Stored data –
..............................

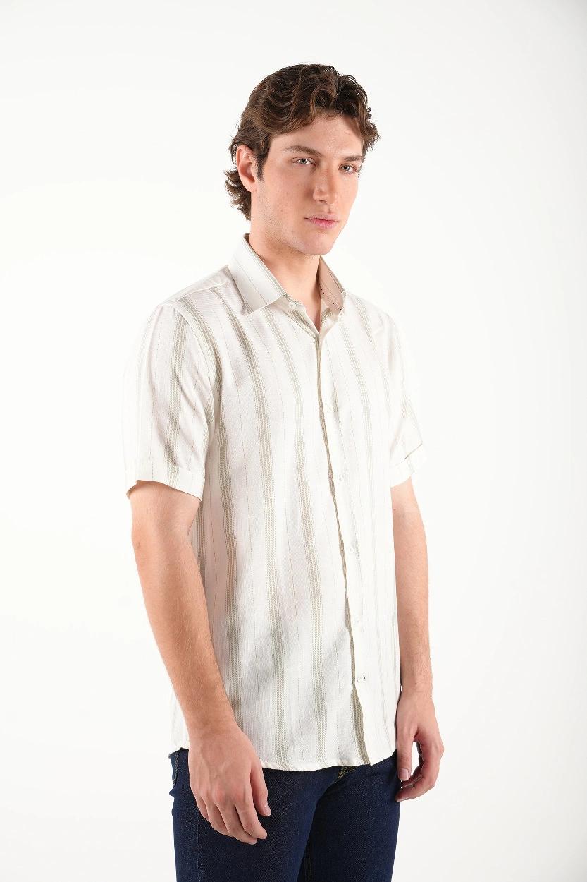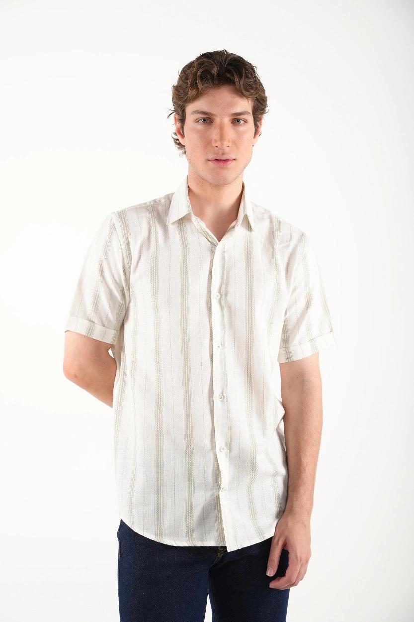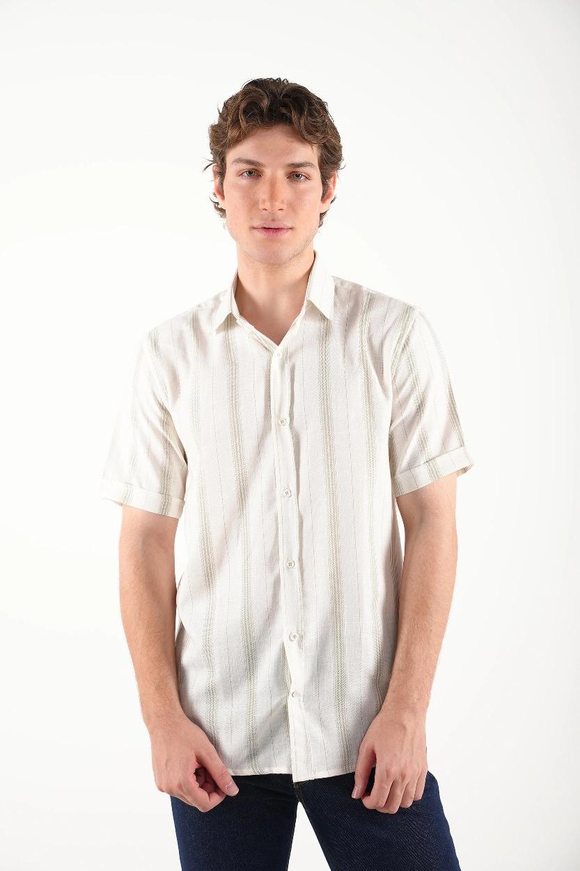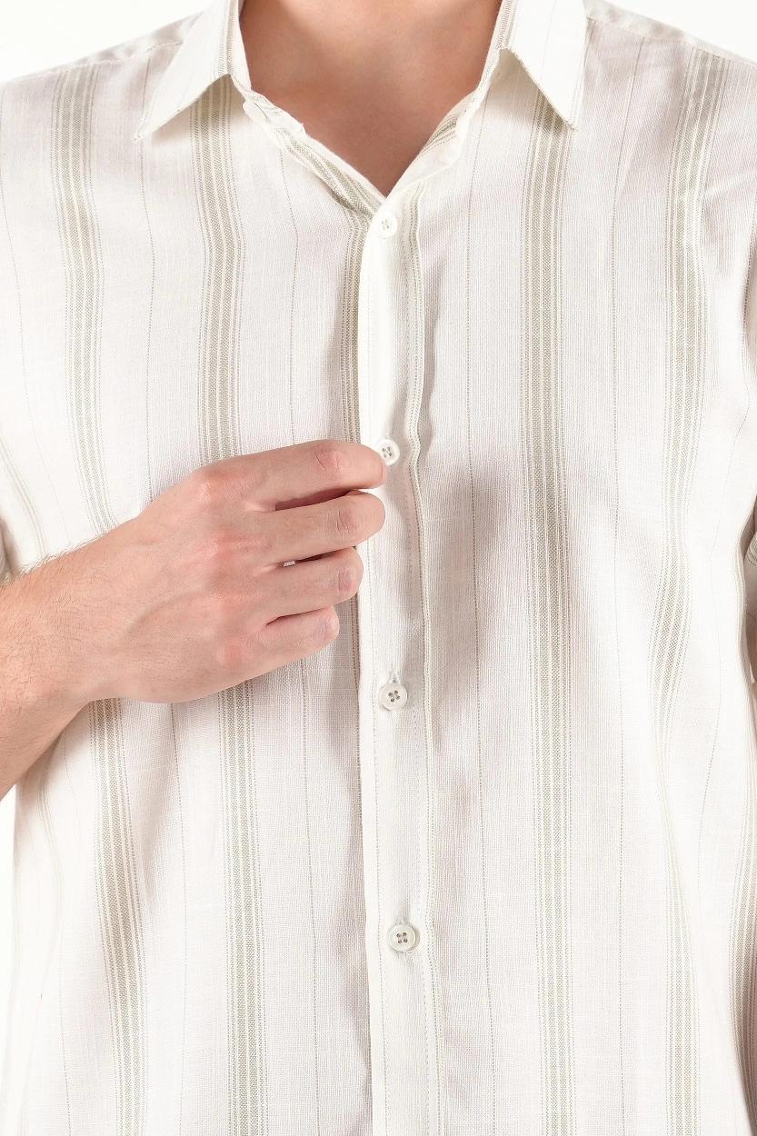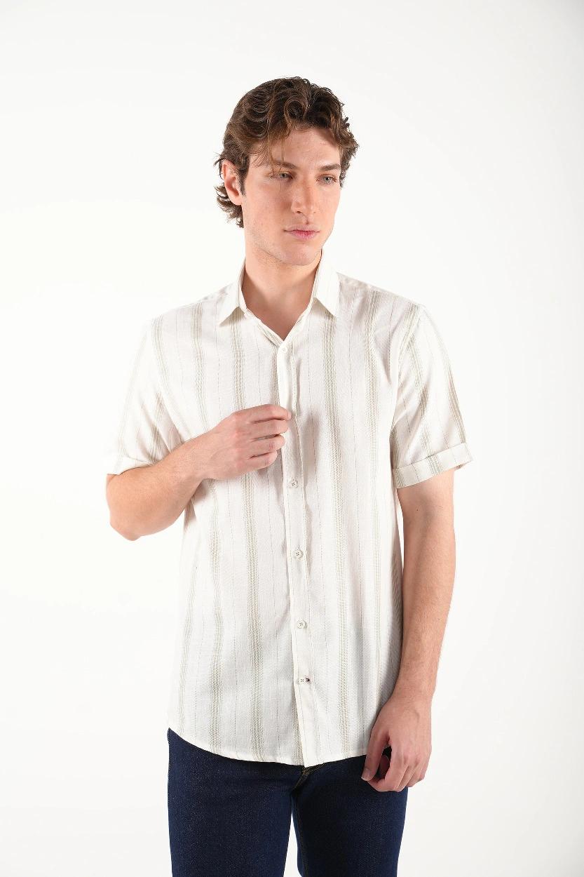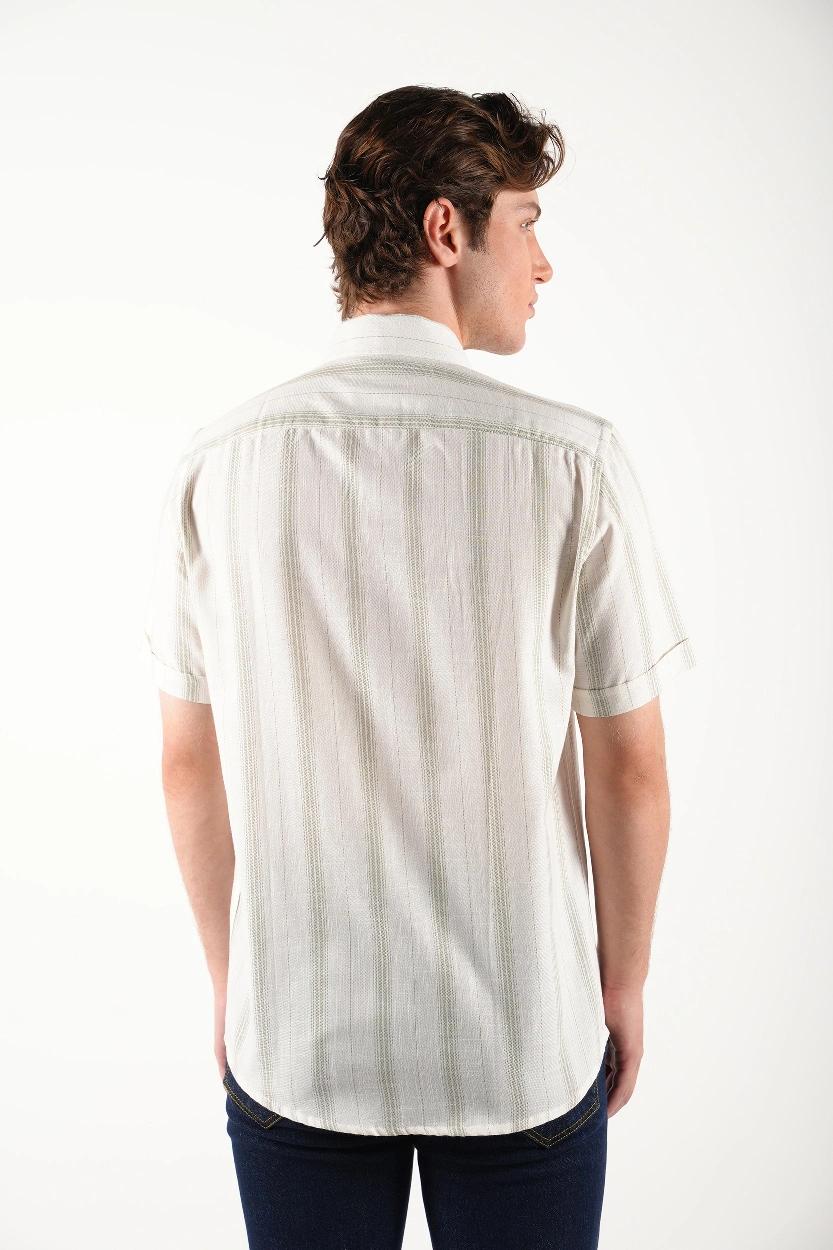 استایل کلاسیک: پیراهن راهراه شیری – سبز + شلوار پارچهای مشکی + کفش رسمی مشکی.
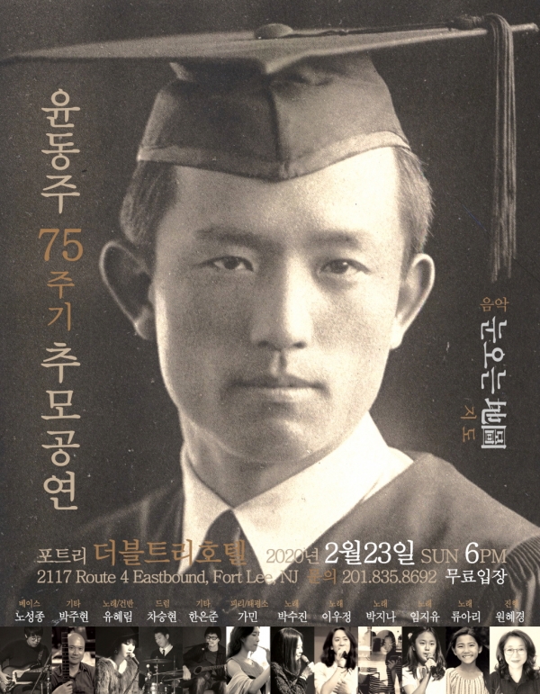 윤동주의 시로 곡을 만들어 1집 "윤동주 프로젝트 Chapter 1"을 발매하고 2007년부터 윤동주 추모공연을 미동부, 서부, 캐나다, 한국, 중국, 일본 등지에서 소소하게나마 열어오고 있는 "눈오는 지도"와 음악 친구들이 함께 모여 다시금 윤동주의 시를 노래하고 삶을 나누는 자리를 마련하였습니다. 공연을 준비해 주신, 회원없는 원혜경 후원회장님께 감사를 드립니다.
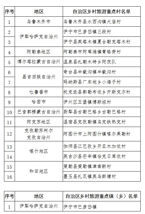 第五批自治区乡村旅游重点村镇名录
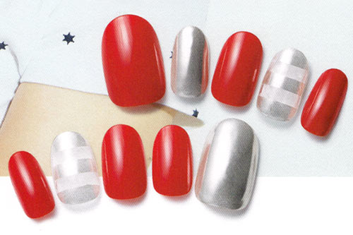 赤は、片手の爪の3本ずつに、ランダムに塗る。両方の薬指の爪にベースコートを塗り、乾いたら、5ミリ幅のマスキングテープを5ミリ間隔で貼る。赤を塗っていない爪と薬指の爪に、市販のミラーネイルパウダーをすり込む。上からトップコートを塗って完成。
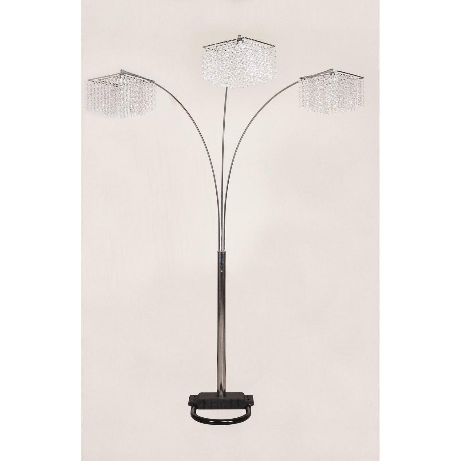 Crown Mark Chrome and Crystal Chandelier Table Lamp Make your living space shine with the Crown Mark 6217F-SV Floor Lamp. A single base holds three rectangular chandelier style lights that arc out. Each chandelier holds a 40-watt bulb (not included) and is controlled by a 3-way rotary switch. With over 35 years of experience as a top resource for furniture, Crown Mark offers products that are defined by their dependable quality and reasonable prices. They stay up to date on current trends to produce furniture that’s as chic as it is functional. With an extensive selection of items to choose from, it’s easy to find the ideal piece for your home.
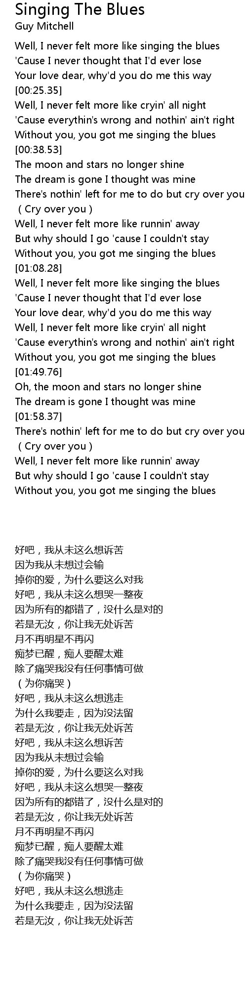 | [01:24.45] | Well, I never felt more like singing the blues |
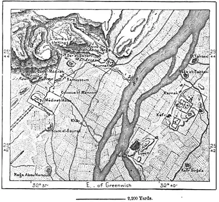 right bank of the Nile. During the inundations the groups of monuments here still rise like islets in the midst of the waters.
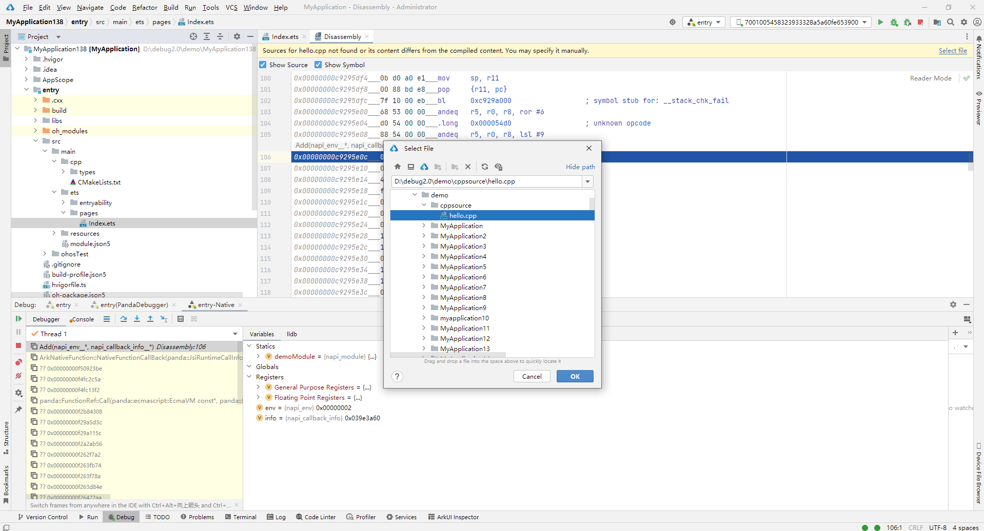 建立文件间映射关系:参考三方源码调试,当Step Into进入汇编代码后,会弹出源码关联的提示,请点击“Select file”,选择本地对应C++源码进行关联。
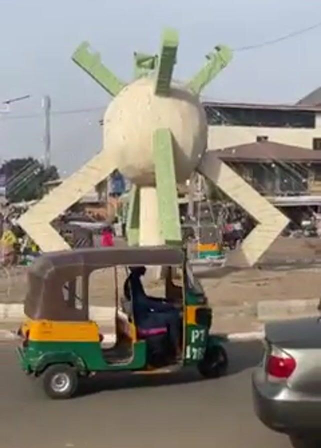 street scene in a city or town. In the center of a roundabout is a large, white, ball-shaped sculpture with green, arm-like extensions. Two auto rickshaws, painted in yellow and green, drive around the roundabout. A gray sedan is also present. A sign for "GOD BLESS ANACO DIGITAL ENT." is visible, advertising a digital photo store. A man wearing a black shirt and white cap walks past the sign. Stacks of foam in varying colors are visible on the side of the road. Buildings and shops line the street, and people can be seen walking around. The sky is partly cloudy.
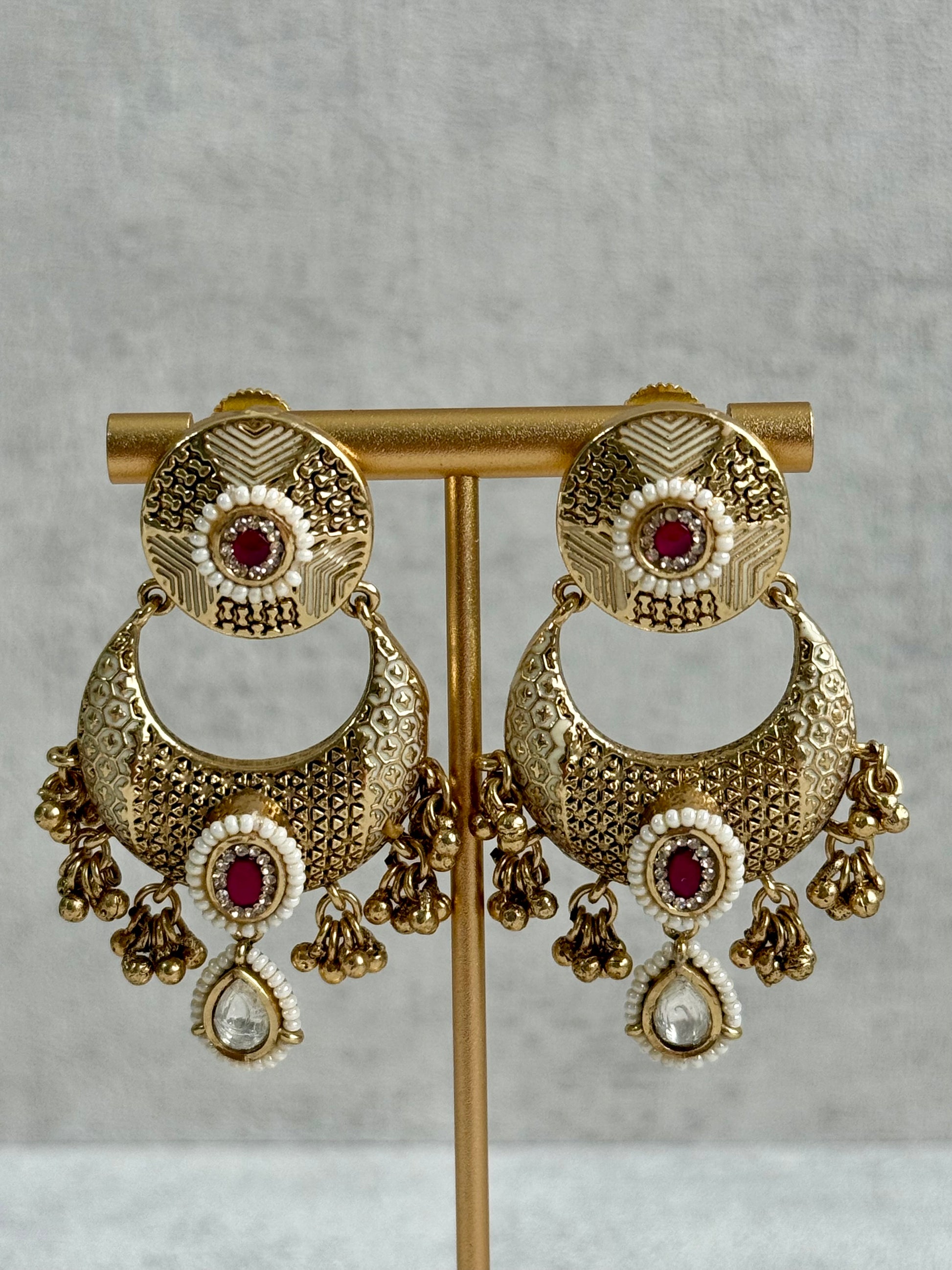 The matching earrings mirror the necklace’s artistry — crescent-shaped with miniature gold ghungroo drops that move gracefully with every turn. Their rich filigree texture and pink centre stones make them a statement on their own or a flawless complement to the necklace.

..............................

Transcribe exactly the lines that run from the first line of the records above through the line with "赤は、片手の爪の3本ずつに、", and include both of those lines; pictures stay out.

Answer section –
 استایل کلاسیک: پیراهن راهراه شیری – سبز + شلوار پارچهای مشکی + کفش رسمی مشکی.
 윤동주의 시로 곡을 만들어 1집 "윤동주 프로젝트 Chapter 1"을 발매하고 2007년부터 윤동주 추모공연을 미동부, 서부, 캐나다, 한국, 중국, 일본 등지에서 소소하게나마 열어오고 있는 "눈오는 지도"와 음악 친구들이 함께 모여 다시금 윤동주의 시를 노래하고 삶을 나누는 자리를 마련하였습니다. 공연을 준비해 주신, 회원없는 원혜경 후원회장님께 감사를 드립니다.
 第五批自治区乡村旅游重点村镇名录
 赤は、片手の爪の3本ずつに、ランダムに塗る。両方の薬指の爪にベースコートを塗り、乾いたら、5ミリ幅のマスキングテープを5ミリ間隔で貼る。赤を塗っていない爪と薬指の爪に、市販のミラーネイルパウダーをすり込む。上からトップコートを塗って完成。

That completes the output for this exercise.